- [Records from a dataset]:

☆ ☆ ☆

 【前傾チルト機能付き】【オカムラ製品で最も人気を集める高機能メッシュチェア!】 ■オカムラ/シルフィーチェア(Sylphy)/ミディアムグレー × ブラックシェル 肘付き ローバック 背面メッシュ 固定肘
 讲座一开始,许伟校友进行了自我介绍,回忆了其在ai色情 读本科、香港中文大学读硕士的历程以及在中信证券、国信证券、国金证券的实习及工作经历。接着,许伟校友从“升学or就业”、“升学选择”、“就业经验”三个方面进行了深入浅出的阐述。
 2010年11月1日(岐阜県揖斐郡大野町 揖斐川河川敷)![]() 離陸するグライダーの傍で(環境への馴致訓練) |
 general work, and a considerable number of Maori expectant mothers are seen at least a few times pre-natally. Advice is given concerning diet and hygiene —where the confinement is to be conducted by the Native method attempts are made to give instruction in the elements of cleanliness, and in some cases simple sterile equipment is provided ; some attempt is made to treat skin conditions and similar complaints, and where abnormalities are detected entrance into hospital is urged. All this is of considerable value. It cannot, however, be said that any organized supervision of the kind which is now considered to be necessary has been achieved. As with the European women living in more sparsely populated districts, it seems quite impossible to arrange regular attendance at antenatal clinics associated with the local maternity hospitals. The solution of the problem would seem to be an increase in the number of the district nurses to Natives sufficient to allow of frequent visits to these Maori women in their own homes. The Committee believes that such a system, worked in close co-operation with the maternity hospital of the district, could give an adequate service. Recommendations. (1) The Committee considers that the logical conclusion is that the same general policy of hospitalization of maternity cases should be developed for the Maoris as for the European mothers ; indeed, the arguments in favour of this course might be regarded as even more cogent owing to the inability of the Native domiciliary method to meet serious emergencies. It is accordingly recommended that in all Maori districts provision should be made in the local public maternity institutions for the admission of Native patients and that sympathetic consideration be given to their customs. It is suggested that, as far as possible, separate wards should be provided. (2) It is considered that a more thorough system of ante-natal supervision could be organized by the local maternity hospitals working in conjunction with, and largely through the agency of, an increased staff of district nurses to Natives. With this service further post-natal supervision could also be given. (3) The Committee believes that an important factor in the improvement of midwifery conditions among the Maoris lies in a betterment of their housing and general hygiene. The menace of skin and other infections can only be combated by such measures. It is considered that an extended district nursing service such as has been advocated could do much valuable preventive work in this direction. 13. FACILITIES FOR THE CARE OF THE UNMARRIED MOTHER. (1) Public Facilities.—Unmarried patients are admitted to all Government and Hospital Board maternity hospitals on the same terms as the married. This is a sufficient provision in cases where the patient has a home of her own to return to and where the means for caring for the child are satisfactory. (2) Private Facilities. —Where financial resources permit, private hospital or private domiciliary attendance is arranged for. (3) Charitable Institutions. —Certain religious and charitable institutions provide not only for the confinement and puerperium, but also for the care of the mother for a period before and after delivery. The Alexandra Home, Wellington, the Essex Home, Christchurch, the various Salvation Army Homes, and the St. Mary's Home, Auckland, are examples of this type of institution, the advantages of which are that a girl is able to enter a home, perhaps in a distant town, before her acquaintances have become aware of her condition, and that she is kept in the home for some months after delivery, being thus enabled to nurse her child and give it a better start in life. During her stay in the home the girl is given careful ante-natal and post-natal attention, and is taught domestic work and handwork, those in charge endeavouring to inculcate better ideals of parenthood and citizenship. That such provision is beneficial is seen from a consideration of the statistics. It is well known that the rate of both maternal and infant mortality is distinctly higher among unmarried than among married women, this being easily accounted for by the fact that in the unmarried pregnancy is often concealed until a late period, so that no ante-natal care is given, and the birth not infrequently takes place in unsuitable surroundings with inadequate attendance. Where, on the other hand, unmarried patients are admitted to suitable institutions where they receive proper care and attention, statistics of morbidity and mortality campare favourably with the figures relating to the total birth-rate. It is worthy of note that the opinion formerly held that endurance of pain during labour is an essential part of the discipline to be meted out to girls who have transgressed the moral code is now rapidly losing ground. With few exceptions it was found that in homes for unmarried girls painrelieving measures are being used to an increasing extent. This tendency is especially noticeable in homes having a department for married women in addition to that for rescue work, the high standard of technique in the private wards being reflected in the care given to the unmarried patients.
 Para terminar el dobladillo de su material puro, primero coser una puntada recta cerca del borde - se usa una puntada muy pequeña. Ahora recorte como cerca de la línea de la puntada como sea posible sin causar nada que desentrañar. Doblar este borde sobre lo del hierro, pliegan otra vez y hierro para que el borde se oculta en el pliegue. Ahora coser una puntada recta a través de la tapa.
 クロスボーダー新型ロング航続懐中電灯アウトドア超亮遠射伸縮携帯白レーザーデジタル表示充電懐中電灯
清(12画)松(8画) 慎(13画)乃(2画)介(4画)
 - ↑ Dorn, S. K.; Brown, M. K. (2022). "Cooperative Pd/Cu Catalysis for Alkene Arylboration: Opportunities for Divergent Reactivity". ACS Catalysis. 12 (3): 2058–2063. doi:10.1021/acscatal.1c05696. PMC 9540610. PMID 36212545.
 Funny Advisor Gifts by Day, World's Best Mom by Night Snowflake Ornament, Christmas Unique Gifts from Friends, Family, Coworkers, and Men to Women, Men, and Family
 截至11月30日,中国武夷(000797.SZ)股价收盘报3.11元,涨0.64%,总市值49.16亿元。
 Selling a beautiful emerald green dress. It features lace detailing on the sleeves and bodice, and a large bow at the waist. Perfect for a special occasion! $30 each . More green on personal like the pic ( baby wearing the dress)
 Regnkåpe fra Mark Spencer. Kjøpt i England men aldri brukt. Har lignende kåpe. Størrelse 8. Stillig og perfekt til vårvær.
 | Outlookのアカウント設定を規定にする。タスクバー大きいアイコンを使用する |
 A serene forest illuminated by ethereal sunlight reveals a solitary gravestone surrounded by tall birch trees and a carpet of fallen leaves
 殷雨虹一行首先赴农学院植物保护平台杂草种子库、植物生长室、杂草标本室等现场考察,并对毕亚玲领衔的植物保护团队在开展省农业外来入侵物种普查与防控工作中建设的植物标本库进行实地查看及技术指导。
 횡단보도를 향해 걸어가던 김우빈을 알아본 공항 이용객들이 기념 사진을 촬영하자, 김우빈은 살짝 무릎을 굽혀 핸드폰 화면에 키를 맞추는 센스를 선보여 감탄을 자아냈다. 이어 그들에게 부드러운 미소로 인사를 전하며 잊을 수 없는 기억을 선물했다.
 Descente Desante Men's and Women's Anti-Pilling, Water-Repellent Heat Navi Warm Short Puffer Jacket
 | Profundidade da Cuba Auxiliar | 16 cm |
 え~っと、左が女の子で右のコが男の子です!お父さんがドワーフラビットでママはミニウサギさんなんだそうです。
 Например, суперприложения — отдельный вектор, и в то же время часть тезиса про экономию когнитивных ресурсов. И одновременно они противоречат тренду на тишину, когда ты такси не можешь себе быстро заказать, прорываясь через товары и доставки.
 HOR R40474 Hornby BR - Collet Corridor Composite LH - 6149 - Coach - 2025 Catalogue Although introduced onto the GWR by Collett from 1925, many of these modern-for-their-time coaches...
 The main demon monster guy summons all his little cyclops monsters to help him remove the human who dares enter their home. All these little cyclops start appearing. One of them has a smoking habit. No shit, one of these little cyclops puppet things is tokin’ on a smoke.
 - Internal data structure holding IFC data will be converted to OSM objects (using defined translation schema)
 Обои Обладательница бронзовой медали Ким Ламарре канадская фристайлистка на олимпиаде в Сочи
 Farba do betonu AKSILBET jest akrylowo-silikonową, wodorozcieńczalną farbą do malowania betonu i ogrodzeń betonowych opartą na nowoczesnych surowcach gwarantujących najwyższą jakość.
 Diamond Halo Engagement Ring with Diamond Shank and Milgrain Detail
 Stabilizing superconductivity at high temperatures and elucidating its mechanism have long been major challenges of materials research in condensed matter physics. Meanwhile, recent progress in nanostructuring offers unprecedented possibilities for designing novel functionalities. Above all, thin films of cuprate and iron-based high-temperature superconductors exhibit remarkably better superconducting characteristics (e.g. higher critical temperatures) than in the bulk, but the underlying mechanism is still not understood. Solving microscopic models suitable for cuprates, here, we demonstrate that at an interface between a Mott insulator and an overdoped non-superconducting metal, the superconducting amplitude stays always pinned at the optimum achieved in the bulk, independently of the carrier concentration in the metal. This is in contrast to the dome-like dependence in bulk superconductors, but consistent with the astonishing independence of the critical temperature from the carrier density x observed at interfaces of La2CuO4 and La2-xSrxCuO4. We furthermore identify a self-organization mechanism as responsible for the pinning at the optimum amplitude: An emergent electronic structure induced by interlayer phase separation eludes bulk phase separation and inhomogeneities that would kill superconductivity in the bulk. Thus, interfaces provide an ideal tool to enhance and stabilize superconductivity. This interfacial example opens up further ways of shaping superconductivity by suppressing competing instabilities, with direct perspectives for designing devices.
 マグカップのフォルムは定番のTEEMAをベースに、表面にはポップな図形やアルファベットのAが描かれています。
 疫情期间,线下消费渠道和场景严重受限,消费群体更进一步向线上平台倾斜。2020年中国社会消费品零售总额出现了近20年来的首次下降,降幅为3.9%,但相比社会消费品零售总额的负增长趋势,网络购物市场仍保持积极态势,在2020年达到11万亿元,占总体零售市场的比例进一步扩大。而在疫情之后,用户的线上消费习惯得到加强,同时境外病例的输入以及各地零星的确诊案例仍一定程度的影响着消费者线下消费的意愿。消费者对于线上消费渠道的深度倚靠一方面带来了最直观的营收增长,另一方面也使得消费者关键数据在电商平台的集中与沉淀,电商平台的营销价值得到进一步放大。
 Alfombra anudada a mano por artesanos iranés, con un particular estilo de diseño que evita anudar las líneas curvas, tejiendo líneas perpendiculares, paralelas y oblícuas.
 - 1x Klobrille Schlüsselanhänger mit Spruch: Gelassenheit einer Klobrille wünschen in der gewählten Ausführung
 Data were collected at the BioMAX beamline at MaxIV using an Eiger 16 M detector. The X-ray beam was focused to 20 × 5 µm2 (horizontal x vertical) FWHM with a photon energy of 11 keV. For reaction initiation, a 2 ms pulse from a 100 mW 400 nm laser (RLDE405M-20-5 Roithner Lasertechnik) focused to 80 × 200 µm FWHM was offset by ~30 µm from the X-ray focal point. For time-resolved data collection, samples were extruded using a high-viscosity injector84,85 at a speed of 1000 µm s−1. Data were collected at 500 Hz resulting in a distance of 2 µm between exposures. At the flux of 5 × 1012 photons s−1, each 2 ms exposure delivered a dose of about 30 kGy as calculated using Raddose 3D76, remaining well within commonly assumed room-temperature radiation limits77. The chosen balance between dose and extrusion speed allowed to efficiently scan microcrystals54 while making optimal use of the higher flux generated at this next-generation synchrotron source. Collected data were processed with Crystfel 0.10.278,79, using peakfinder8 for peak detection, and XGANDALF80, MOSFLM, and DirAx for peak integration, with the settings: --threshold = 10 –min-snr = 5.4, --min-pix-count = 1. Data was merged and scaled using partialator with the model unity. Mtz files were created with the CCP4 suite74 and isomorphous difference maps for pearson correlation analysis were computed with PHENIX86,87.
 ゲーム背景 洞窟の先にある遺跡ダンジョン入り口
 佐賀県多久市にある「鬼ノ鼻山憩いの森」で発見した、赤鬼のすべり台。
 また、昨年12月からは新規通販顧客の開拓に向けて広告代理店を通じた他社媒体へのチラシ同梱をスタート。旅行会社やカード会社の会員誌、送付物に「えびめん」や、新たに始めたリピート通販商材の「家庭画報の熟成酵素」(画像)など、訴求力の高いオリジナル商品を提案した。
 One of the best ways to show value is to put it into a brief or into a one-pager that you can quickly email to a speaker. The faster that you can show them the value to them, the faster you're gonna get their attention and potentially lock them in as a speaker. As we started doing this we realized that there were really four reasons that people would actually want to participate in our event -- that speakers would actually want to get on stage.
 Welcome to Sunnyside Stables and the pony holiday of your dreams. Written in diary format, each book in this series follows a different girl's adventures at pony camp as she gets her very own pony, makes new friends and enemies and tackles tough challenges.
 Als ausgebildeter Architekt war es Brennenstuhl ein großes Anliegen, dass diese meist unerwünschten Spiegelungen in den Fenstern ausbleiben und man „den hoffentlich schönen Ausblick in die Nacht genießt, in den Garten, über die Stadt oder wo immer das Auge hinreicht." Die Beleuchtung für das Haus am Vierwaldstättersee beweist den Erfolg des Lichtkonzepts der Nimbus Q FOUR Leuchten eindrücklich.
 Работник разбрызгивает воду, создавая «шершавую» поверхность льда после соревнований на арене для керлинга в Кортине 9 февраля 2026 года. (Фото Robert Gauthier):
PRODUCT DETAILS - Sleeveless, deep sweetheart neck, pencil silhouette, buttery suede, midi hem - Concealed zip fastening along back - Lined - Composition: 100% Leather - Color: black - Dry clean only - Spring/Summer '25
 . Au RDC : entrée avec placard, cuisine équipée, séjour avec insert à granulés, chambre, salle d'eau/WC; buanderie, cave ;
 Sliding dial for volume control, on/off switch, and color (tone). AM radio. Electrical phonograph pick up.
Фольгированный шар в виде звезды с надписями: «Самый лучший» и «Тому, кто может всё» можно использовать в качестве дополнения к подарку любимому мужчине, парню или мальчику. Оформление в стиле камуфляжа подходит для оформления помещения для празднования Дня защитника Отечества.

☆ ☆ ☆

- [TASK BRIEF]: Among the lines above, find each one containing the string "them" and copy it.

- [FINISHED EXERCISE]:
 The main demon monster guy summons all his little cyclops monsters to help him remove the human who dares enter their home. All these little cyclops start appearing. One of them has a smoking habit. No shit, one of these little cyclops puppet things is tokin’ on a smoke.
 One of the best ways to show value is to put it into a brief or into a one-pager that you can quickly email to a speaker. The faster that you can show them the value to them, the faster you're gonna get their attention and potentially lock them in as a speaker. As we started doing this we realized that there were really four reasons that people would actually want to participate in our event -- that speakers would actually want to get on stage.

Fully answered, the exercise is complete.